12 Conductivity and Salinity Meter

Dr. Heena Rekhi Rekhi

  1. Description

The conductance of electricity through electrolytes is ionic in nature and through metallic conductors is electronic in nature. The difference in conductivity arises due to peculiar composition of these conductors. The free electrons in electrolytes will combine with molecules and cations present at the metal-electrolyte boundaries. Similarly the ions which move upto the metal under the effect of applied field cannot move into the metal. They will rather undergo an electron releasing or an electron accepting process.

 

Such situations lead to two types of electrolytic conduction.

 

  • The positive ions will move towards the cathode and negative ions towards the anode ; these effects being complementary to each other, sum up to give the total electrical conductance.
  • A characteristic energy of activation is required for chemical changes like other chemical reaction and these takes place only when experimental conditions are favourable for them. The activation energy is required for the exchange of electrons between the electrodes. If Inspite of the applied electric field no electrochemical changes take place then no electricity will be conducted through an electrolyte. With the increase in applied potential, the rate of electrochemical reactions enhances and new electrochemical changes induces. The potential drop takes place due to the resistances in the electrolyte and to compensate this higher potential is required. Alternating current is used to prevent significant changes in the concentration of an electrolyte and its composition during the conductance measurement instead of direct current.

 

The conductance of electricity through electrolytes and metallic conductors follow ohm’s law. According to this law, the current C, flowing is directly proportional to the electric potential applied across the electrolyte, at a given temperature V ~ C

 

Where V = electric potential applied across the electrolyte column.

 

C = electric current flowing through the electrolyte.

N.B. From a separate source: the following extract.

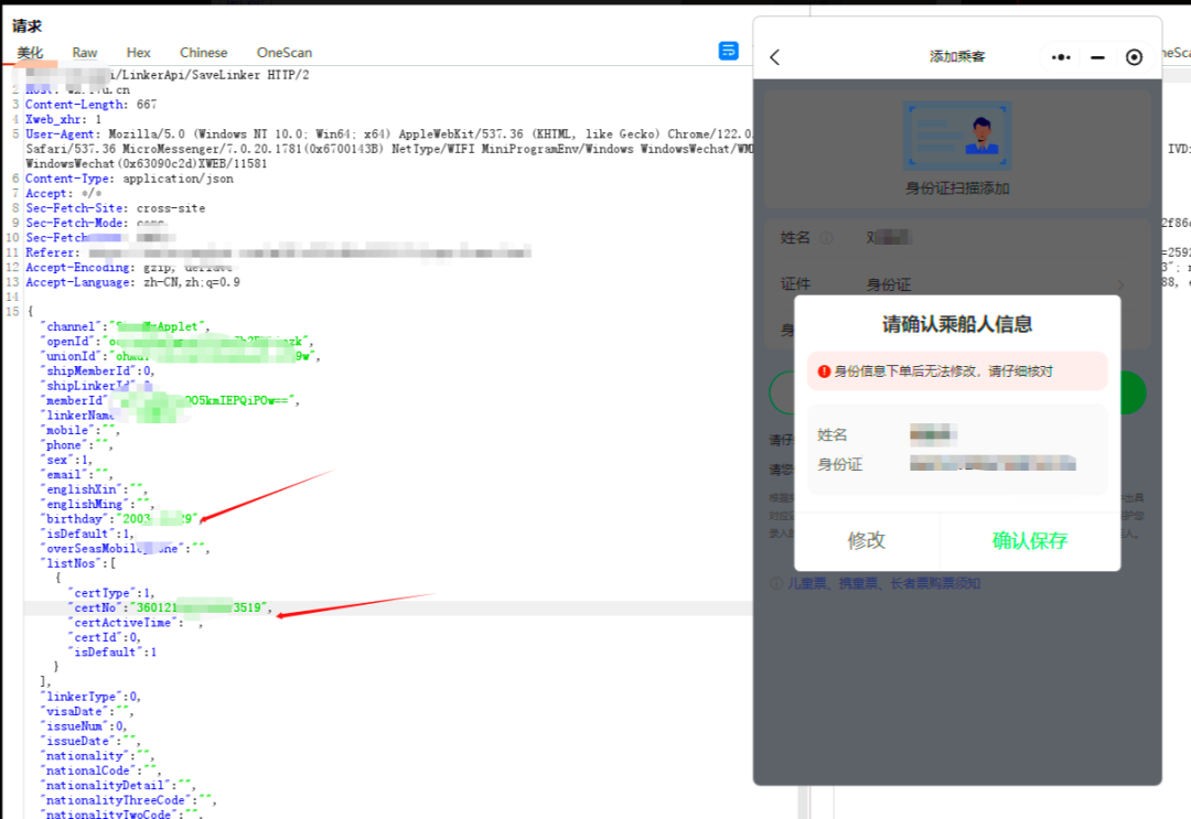 但是这里不能直接通过上面的手法修改类型、价格, 测试发现决定是否免费的关键是身份证的处理,身份证需要是儿童的出生年月,但是添加乘客接口是身份证大多是实名认证,我不清楚验证的原理是什么,按道理前端了身份证号对应的身份证,说明是后端查询到了, 但是我在BP里面拦截这个数据包又可以修改,说明并没有走后端,那么一开始的前端验证是什么逻辑呢,有懂的师傅可以解释一下,难道身份证认证的接口放到前端查询吗,可能是调用了身份证的接口

R = proportionally constant and is the resistance of the conductor.

Specific resistance and specific conductance:

The resistance of conductor at a given temperature is directly proportional to its length and inversely to its cross-sectional area. Thus

R ~ l/a

or R = ρ l/a

 

Where ρ is a constant and its value depends on the nature of material at specified temperature. ρ is also known as resistivity or specific resistance of the material. If l and a have unity values then specific resistance is defined as the resistance in ohms of conductor of a one cm in length and one square cm in cross section or it is also defined as the resistance between the two opposite faces of one cm cube of the conductor.

 

ρ = Ra/l

 

The reciprocal of resistance is known as conductance and the reciprocal of specific resistance or resistivity is known as specific conductance or conductivity. Thus specific conductance of a substance is defined as the conductance of one cm cube of the substance. It is generally denoted by the symbol κ (kappa). Thus κ = l/ρ

 

Equivalent Conductance and Molar Conductance:

 

The equivalent conductance of a solution is obtained by multiplying together the specific conductance of the solution and its volume in millimeters which contains 1 gram equivalent of the solute. Its value for a dilution volume v is represented by Lv.

 

Equivalent conductance, Lv = Specific conductance (κ) × volume in ml (v) per g

 

Factors effecting conductance:

 

Dilution

 

Both specific and equivalent conductance values of solution of electrolyte vary with dilution. The specific conductance values decreases as the solution are made dilutor mainly due to decrease in concentration of ions. However, the equivalent conductace of a solution increases with dilution as on dilution for every gram equivalent of electrolyte dissolved more ions are obtained. A limiting high value is eventually obtained which is called the equivalent conductance at infinite dilution or zero concentration.

 

Degree of Ionisation

 

For an electrolyte the conductance of any of its solution depends upon the concentration of the ions formed. Hence the degree of ionization of dissolved electrolyte may be obtained from the measured conductance of the solution.

 

Conductivity meter

 

The modern conductivity meter has a sophisticated electronic circuit which eliminates capacitance effect and faradic processes. It can be used for the measurement of wide range of conductivities 0.001 microsiemens per cm to 1300 microsiemens per cm. Moreover there is aprovision for automatic range switching by operation of a balancing control. The instrument is adjusted so that the constant of the cell in use is displayed on the digital meter that records the conductivity values. A platinum resistance thermometer is connected to the meter. This will automatically correct conductivities measured over a range of temperature to a value at 298 K. The clean conductivity cell is rinsed and charged with solution whose conductivity cell is to be measured. The required result is displayed on the meter.

 

Application of Conductivity meter

 

Purity

 

The purity of distilled and deionized water is commonly checked by conductimetric measurements. The conductivity of pure water is 5 × 10-8 Siemen per cm at 298 K. The smallest trace of ionic impurity leads to a large increase in conductivity. However, repeated distillation leads to constant value of conductivity.

 

Determination of Concentration

 

Solutions of strong electrolyte shows linear increase in conductance with increase in concentration for higher concentrations conductance passes through maximum (increases) because of increased hindrance produced by intraionic attractions for free motion of ions.

 

Measurement of salinity of sea water

 

Conductivity measurements are performed to determine the salinity values and give information regarding association and dissociation equilibria in aqueous solutions. The meter is calibrated against solutions of known concentration of suitable electrolyte for salinity readings.

 

Measurement of solubility of sparingly soluble salts

 

The extremely small solubility of sparingly soluble salts such as AgCl, BaSO4, PbSO4 etc. can be determined with the help of conductivity measurements. For example, the solubility(S) of AgCl can be determined by suspending the thoroughly washed precipitate of AgCl in conductivity water,warming, cooling to 298 K amd determining the specific conductivity of the filterate by means of a conductivity cell.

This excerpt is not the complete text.